Thread: Recommended Procedure for Archiving Table Data

Recommended Procedure for Archiving Table Data

From
"Sally Ruggero"
Date:
I need advice on archiving data from our production database.
 
Each night I would like to save and remove a day's data from two weeks ago, from all the tables. I know how to delete the data--though our schema does not specify cascaded deletes. However, I can't figure out how to save the desired data. I'd like to save it in SQL insert statement format, but I can't see how to get the data out. If I use psql to create a temp table with the old data in it, then the table disappears when I exit psql and I can't dump it with pg_dump. If I make a new table and put the data in it, then when I dump it with pg_dump, all the insert statements have the new table name rather than the original table name. I'm sure there's a good solution for this standard problem. Does anyone have a suggestion?
 
Thanks,
Sally

Re: Recommended Procedure for Archiving Table Data

From
Andreas Pflug
Date:
Sally Ruggero wrote:
> I need advice on archiving data from our production database.
>  
> Each night I would like to save and remove a day's data from two weeks 
> ago, from all the tables.
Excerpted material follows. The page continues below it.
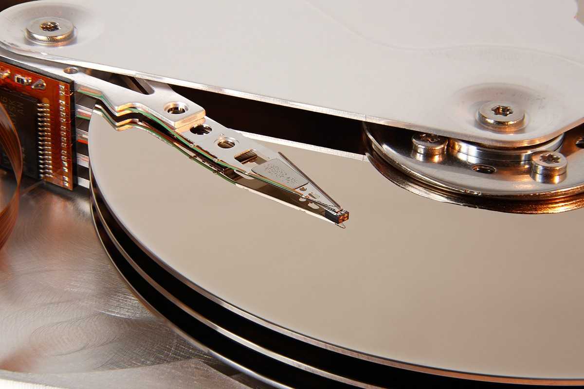 Жесткие диски состоят из ряда наложенных друг на друга металлических пластин, на каждой из которых есть своя считывающая и записывающая головка. Она отвечает за запись, чтение и удаление битов с пластины. Чем больше битов можно записать на пластину, тем больше емкость диска.

I know how to delete the data--though our 
> schema does not specify cascaded deletes. However, I can't figure out 
> how to save the desired data. I'd like to save it in SQL insert 
> statement format, but I can't see how to get the data out. If I use psql 
> to create a temp table with the old data in it, then the table 
> disappears when I exit psql and I can't dump it with pg_dump. If I make 
> a new table and put the data in it, then when I dump it with pg_dump, 
> all the insert statements have the new table name rather than the 
> original table name. I'm sure there's a good solution for this standard 
> problem. Does anyone have a suggestion?

This isn't really a pgadmin question, should be pgsql-general or so.
You have two options:
- change the table name after dumping using sed to the desired name
- when restoring, do restore to the new (intermediate) table, and insert 
into the old from there; I'd prefer this solution.